The data:
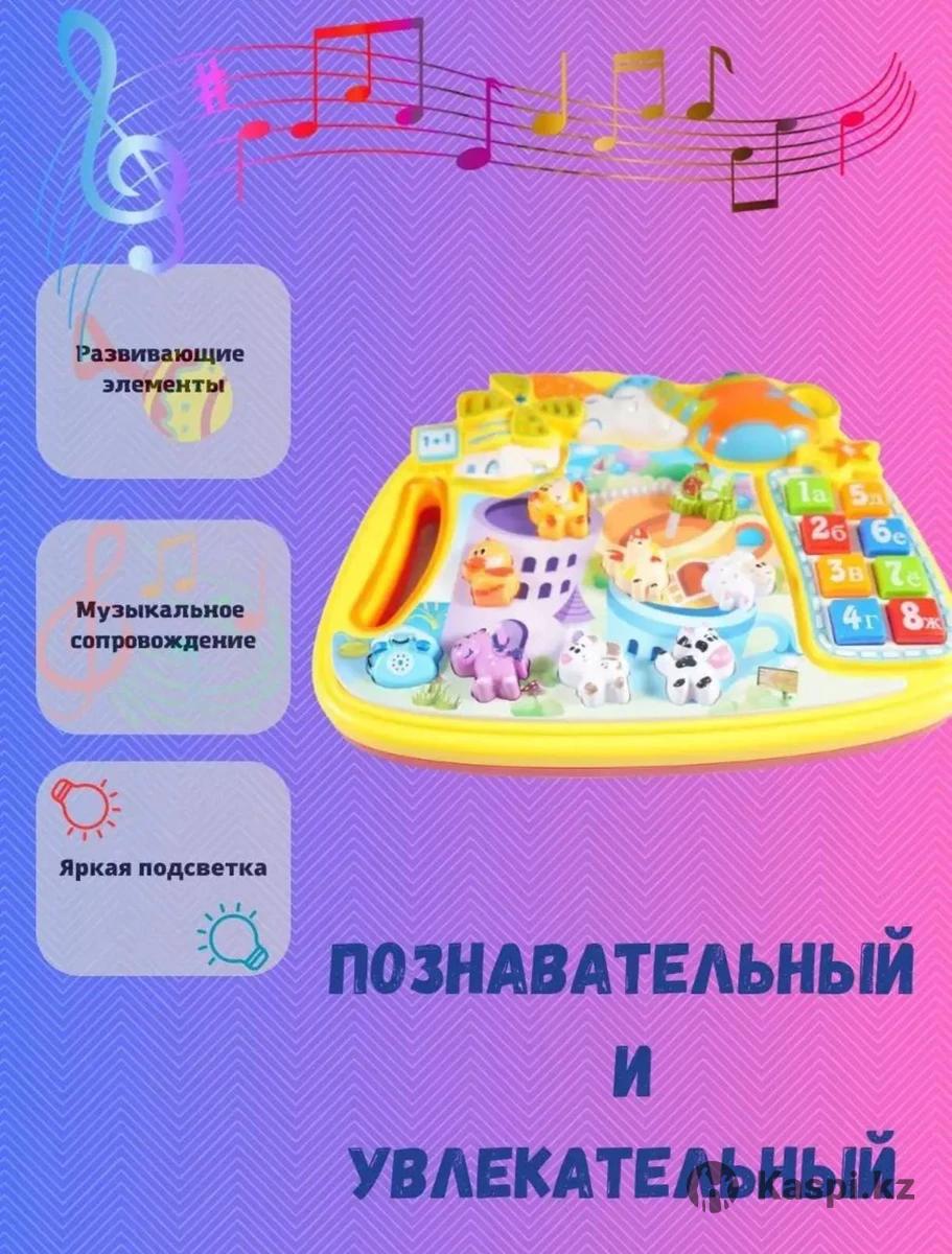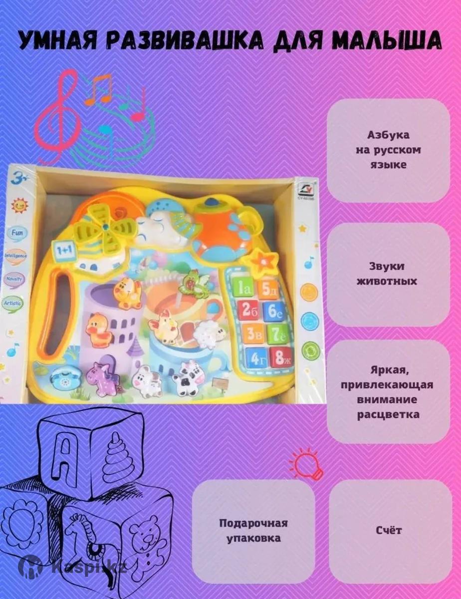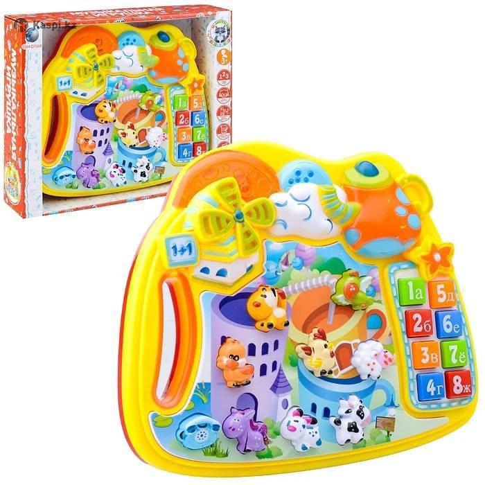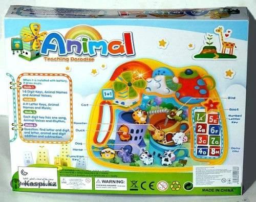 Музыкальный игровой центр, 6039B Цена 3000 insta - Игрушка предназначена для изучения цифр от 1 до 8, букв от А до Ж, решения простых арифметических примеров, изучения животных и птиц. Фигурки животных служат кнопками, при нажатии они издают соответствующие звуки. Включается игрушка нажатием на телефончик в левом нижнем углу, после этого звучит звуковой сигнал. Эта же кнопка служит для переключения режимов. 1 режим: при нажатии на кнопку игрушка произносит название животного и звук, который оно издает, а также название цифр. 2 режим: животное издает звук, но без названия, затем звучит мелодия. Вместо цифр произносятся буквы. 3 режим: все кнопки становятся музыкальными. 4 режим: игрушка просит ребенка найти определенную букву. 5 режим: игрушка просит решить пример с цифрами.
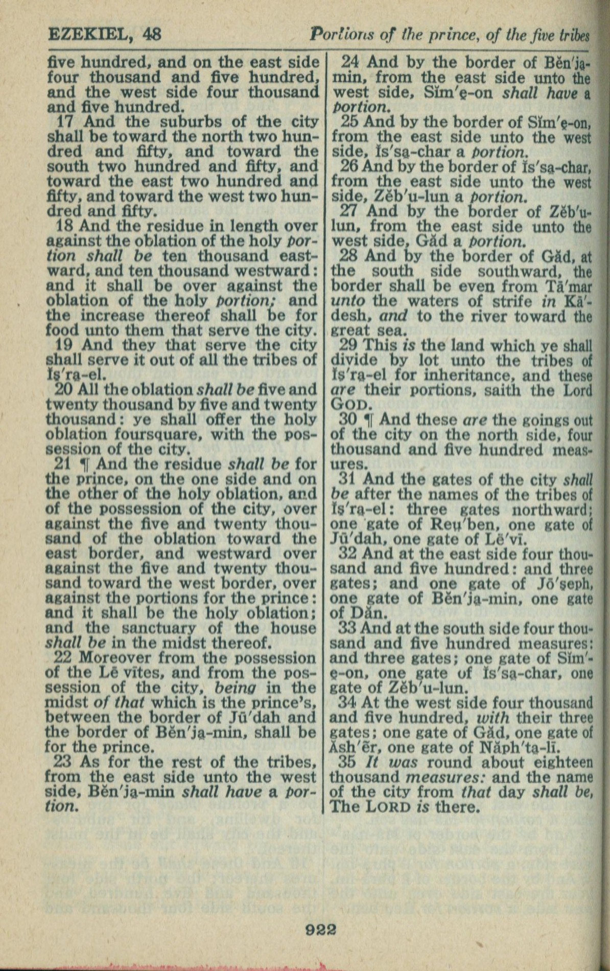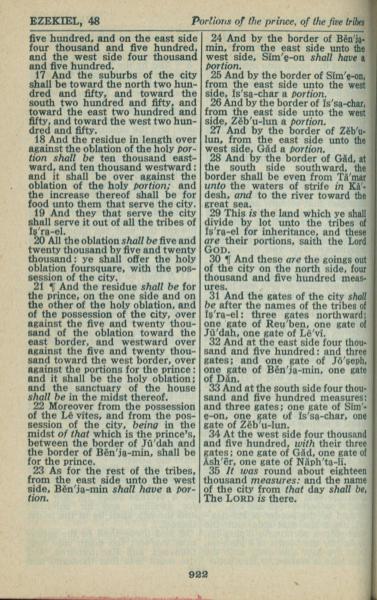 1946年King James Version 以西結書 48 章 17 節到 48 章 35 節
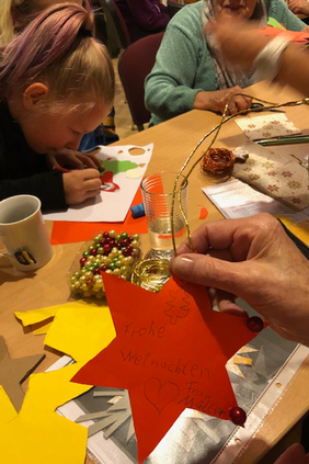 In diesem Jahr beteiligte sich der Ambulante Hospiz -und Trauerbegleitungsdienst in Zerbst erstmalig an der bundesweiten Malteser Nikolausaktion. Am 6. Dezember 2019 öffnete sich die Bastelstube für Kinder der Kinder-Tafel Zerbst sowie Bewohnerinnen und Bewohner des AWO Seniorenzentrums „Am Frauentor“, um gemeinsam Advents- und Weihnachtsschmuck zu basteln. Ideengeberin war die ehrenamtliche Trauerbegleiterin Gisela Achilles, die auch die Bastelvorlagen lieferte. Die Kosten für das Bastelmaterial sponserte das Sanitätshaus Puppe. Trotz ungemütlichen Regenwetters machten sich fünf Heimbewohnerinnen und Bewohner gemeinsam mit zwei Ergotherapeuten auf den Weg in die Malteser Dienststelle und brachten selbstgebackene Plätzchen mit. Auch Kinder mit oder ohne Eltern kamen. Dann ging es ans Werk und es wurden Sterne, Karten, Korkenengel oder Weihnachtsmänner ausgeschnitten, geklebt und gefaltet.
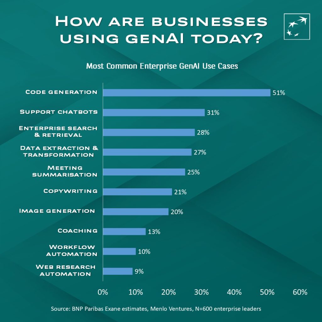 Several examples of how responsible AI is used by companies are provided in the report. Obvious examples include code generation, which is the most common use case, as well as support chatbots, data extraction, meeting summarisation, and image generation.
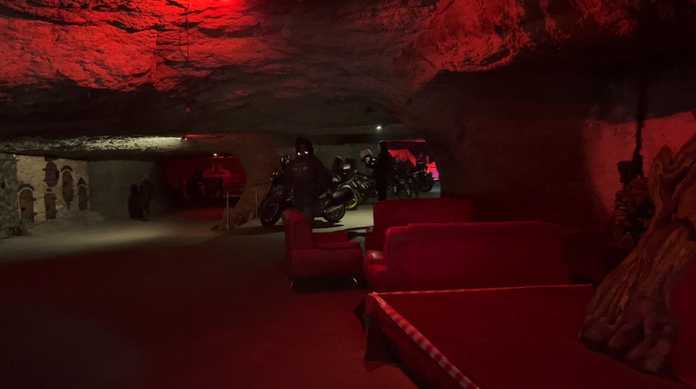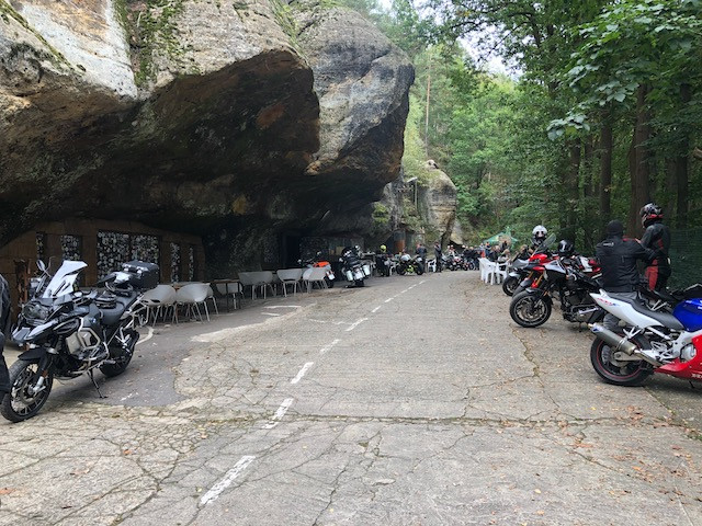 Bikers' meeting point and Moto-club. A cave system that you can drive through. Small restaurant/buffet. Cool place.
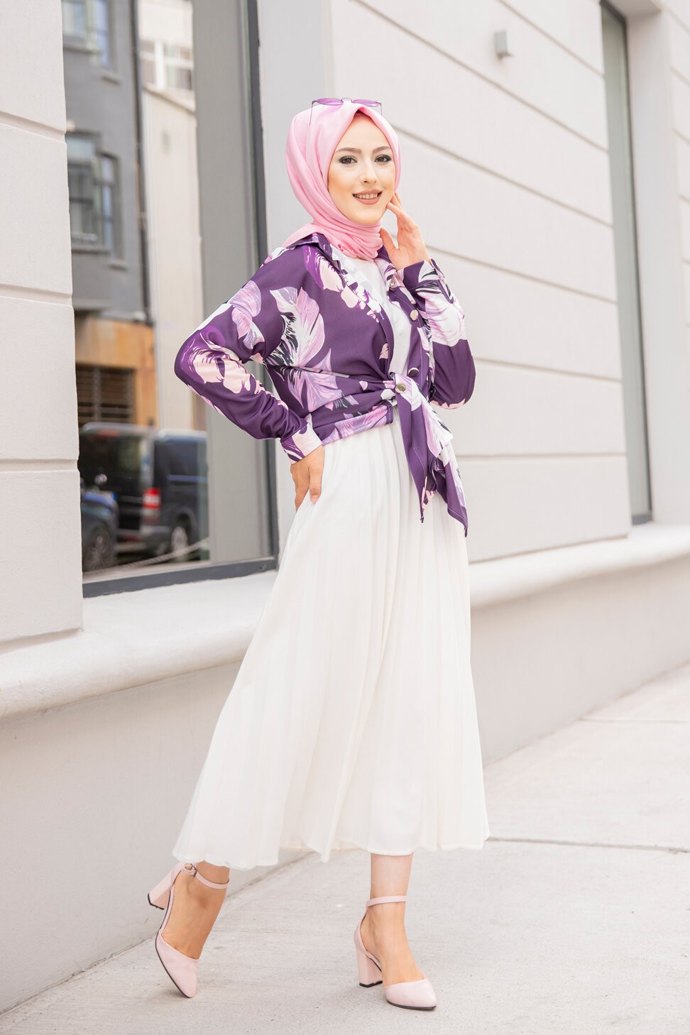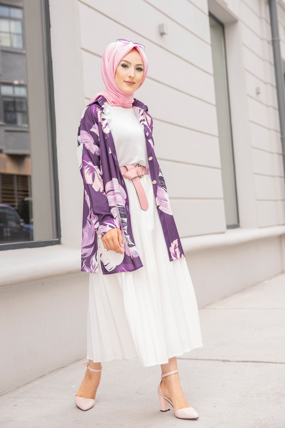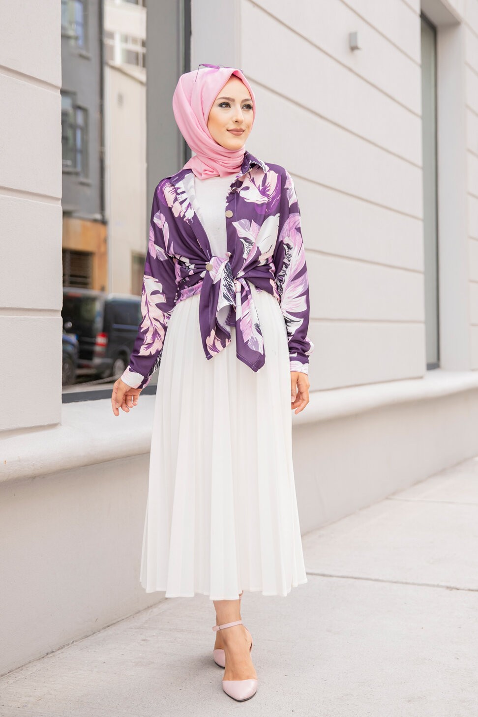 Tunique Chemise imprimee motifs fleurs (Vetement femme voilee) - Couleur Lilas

To do:
The material is to be reproduced verbatim, and no picture may appear in the copy.

Task output:
 Музыкальный игровой центр, 6039B Цена 3000 insta - Игрушка предназначена для изучения цифр от 1 до 8, букв от А до Ж, решения простых арифметических примеров, изучения животных и птиц. Фигурки животных служат кнопками, при нажатии они издают соответствующие звуки. Включается игрушка нажатием на телефончик в левом нижнем углу, после этого звучит звуковой сигнал. Эта же кнопка служит для переключения режимов. 1 режим: при нажатии на кнопку игрушка произносит название животного и звук, который оно издает, а также название цифр. 2 режим: животное издает звук, но без названия, затем звучит мелодия. Вместо цифр произносятся буквы. 3 режим: все кнопки становятся музыкальными. 4 режим: игрушка просит ребенка найти определенную букву. 5 режим: игрушка просит решить пример с цифрами.
 1946年King James Version 以西結書 48 章 17 節到 48 章 35 節
 In diesem Jahr beteiligte sich der Ambulante Hospiz -und Trauerbegleitungsdienst in Zerbst erstmalig an der bundesweiten Malteser Nikolausaktion. Am 6. Dezember 2019 öffnete sich die Bastelstube für Kinder der Kinder-Tafel Zerbst sowie Bewohnerinnen und Bewohner des AWO Seniorenzentrums „Am Frauentor“, um gemeinsam Advents- und Weihnachtsschmuck zu basteln. Ideengeberin war die ehrenamtliche Trauerbegleiterin Gisela Achilles, die auch die Bastelvorlagen lieferte. Die Kosten für das Bastelmaterial sponserte das Sanitätshaus Puppe. Trotz ungemütlichen Regenwetters machten sich fünf Heimbewohnerinnen und Bewohner gemeinsam mit zwei Ergotherapeuten auf den Weg in die Malteser Dienststelle und brachten selbstgebackene Plätzchen mit. Auch Kinder mit oder ohne Eltern kamen. Dann ging es ans Werk und es wurden Sterne, Karten, Korkenengel oder Weihnachtsmänner ausgeschnitten, geklebt und gefaltet.
 Several examples of how responsible AI is used by companies are provided in the report. Obvious examples include code generation, which is the most common use case, as well as support chatbots, data extraction, meeting summarisation, and image generation.
 Bikers' meeting point and Moto-club. A cave system that you can drive through. Small restaurant/buffet. Cool place.
 Tunique Chemise imprimee motifs fleurs (Vetement femme voilee) - Couleur Lilas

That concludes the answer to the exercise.